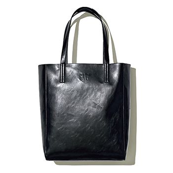 書類を収納しやすい縦長型。オフィスシーンにも似合うスクエアシルエットなうえ、かしこまりすぎないひかえめなロゴもポイント。やわらかい素材のため、入れ口を折りたたんでクラッチのように持つことも可能。 黒トートバッグ(オンライン限定・38×31×10)/Gap
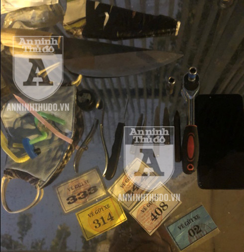 Trong quá trình kiểm tra, các trinh sát đã phát hiện đối tượng trên giấu trong cốp xe một bộ dụng cụ để bẻ khóa xe máy, gồm 1 tay công dài 15 cm, 5 tay vam dài 7 cm, 1 kìm mini, 1 dụng cụ chọc khe khóa. Ngoài ra, thanh niên này còn giấu một con dao bầu được bọc sơ sài trong tờ giấy, cùng rất nhiều vé gửi xe khác nhau.
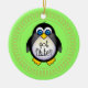 Green holiday Christmas ornament with cute music penguin and Got Flute band quote. Gold filigree border.
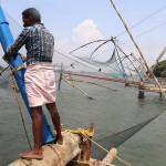 Cochin’s two most famous landmarks are a stones throw from each other. The huge elegant Chinese fishing nets lining the northern shore of Fort Cochin add grace to the waterfront view, and are probably the single most familiar photographic image of Kerala. Traders from the court of Kublai Khan are said to have introduced them to the Malabar region. Known in Malayalam as cheena vala, they can also be seen throughout the backwaters further south. The nets, which are suspended by poles are operated by levers and weights, require at least four men to control them.
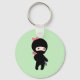 La mignonne fille de dessin animé ninja est habillée tout en noir mais pour un arc rose sur son masque de tête. Le katana d’épée japonaise traditionnel peut être vu attaché sur son épaule, sa poignée est également rose.
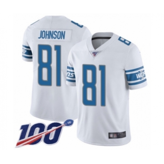 >Men's Detroit Lions #81 Calvin Johnson White Vapor Untouchable Limited Player 100th Season Football Jersey
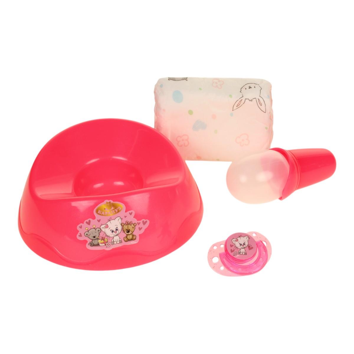 - Полный комплект для ролевых игр: горшок, бутылочка, пустышка, подгузник
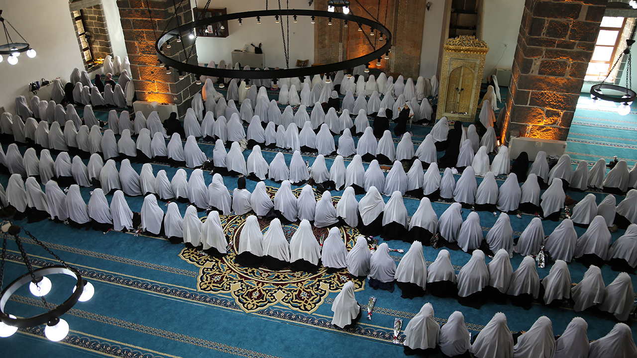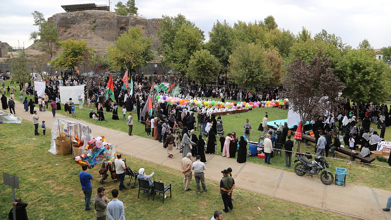 Diyarbakır merkez Sur ilçesi Kurşunlu camiinde namaz kılan katılımcılar, ardından Hazreti Süleyman Yerleşkesi'ne doğru yürüyerek burada kendileri için hazırlanan alanda yerlerini aldı.
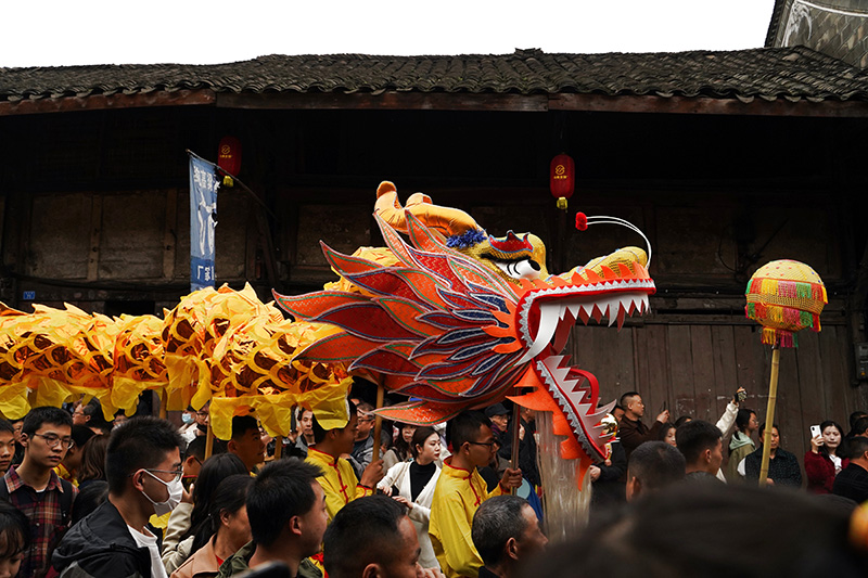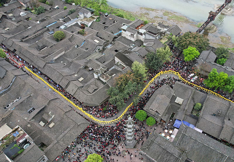当日,崇州元通清明春台会在四川成都崇州市元通古镇拉开帷幕。由269人手举269截龙身汇聚成的“汇江老龙”,在古街上巡游。
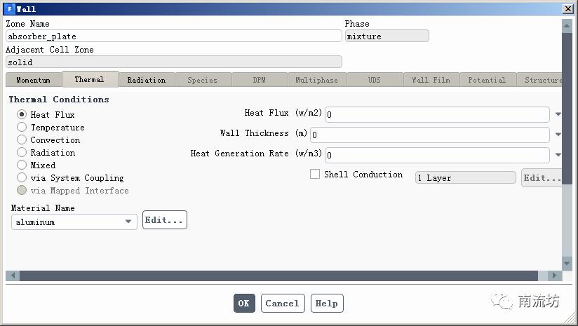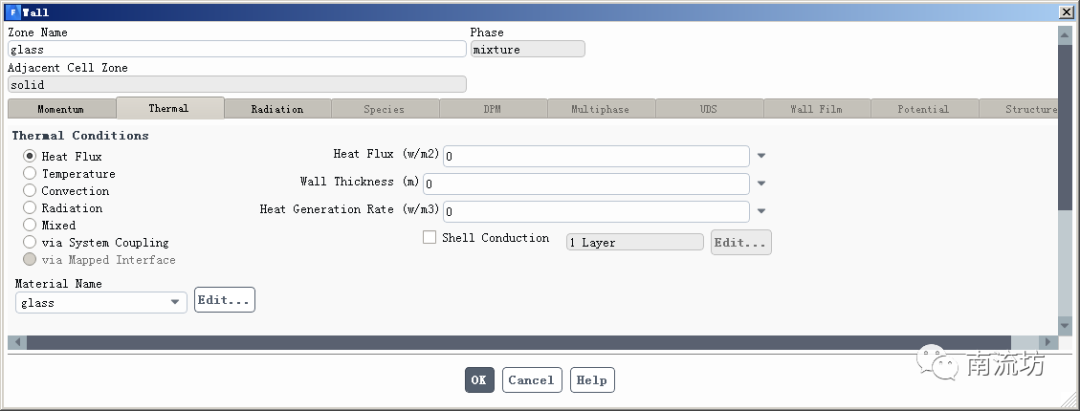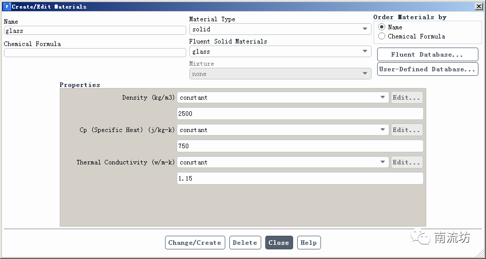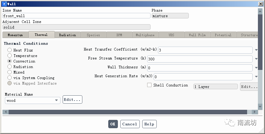 (2)在材料库中选择导入固体物质wood,同时创建新固体物质glass。glass的density填入2500,Cp填入750,Thermal Conductivity填入1.15。
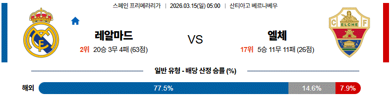 열람 축구 3월 15일 라리가 레알 마드리드 vs 엘체 해외축구분석 5 03-13

Your goal: The full data, repeated exactly and stripped of its pictures, is the expected answer.

Solution to this problem:
 書類を収納しやすい縦長型。オフィスシーンにも似合うスクエアシルエットなうえ、かしこまりすぎないひかえめなロゴもポイント。やわらかい素材のため、入れ口を折りたたんでクラッチのように持つことも可能。 黒トートバッグ(オンライン限定・38×31×10)/Gap
 Trong quá trình kiểm tra, các trinh sát đã phát hiện đối tượng trên giấu trong cốp xe một bộ dụng cụ để bẻ khóa xe máy, gồm 1 tay công dài 15 cm, 5 tay vam dài 7 cm, 1 kìm mini, 1 dụng cụ chọc khe khóa. Ngoài ra, thanh niên này còn giấu một con dao bầu được bọc sơ sài trong tờ giấy, cùng rất nhiều vé gửi xe khác nhau.
 Green holiday Christmas ornament with cute music penguin and Got Flute band quote. Gold filigree border.
 Cochin’s two most famous landmarks are a stones throw from each other. The huge elegant Chinese fishing nets lining the northern shore of Fort Cochin add grace to the waterfront view, and are probably the single most familiar photographic image of Kerala. Traders from the court of Kublai Khan are said to have introduced them to the Malabar region. Known in Malayalam as cheena vala, they can also be seen throughout the backwaters further south. The nets, which are suspended by poles are operated by levers and weights, require at least four men to control them.
 La mignonne fille de dessin animé ninja est habillée tout en noir mais pour un arc rose sur son masque de tête. Le katana d’épée japonaise traditionnel peut être vu attaché sur son épaule, sa poignée est également rose.
 >Men's Detroit Lions #81 Calvin Johnson White Vapor Untouchable Limited Player 100th Season Football Jersey
 - Полный комплект для ролевых игр: горшок, бутылочка, пустышка, подгузник
 Diyarbakır merkez Sur ilçesi Kurşunlu camiinde namaz kılan katılımcılar, ardından Hazreti Süleyman Yerleşkesi'ne doğru yürüyerek burada kendileri için hazırlanan alanda yerlerini aldı.
当日,崇州元通清明春台会在四川成都崇州市元通古镇拉开帷幕。由269人手举269截龙身汇聚成的“汇江老龙”,在古街上巡游。
 (2)在材料库中选择导入固体物质wood,同时创建新固体物质glass。glass的density填入2500,Cp填入750,Thermal Conductivity填入1.15。
 열람 축구 3월 15일 라리가 레알 마드리드 vs 엘체 해외축구분석 5 03-13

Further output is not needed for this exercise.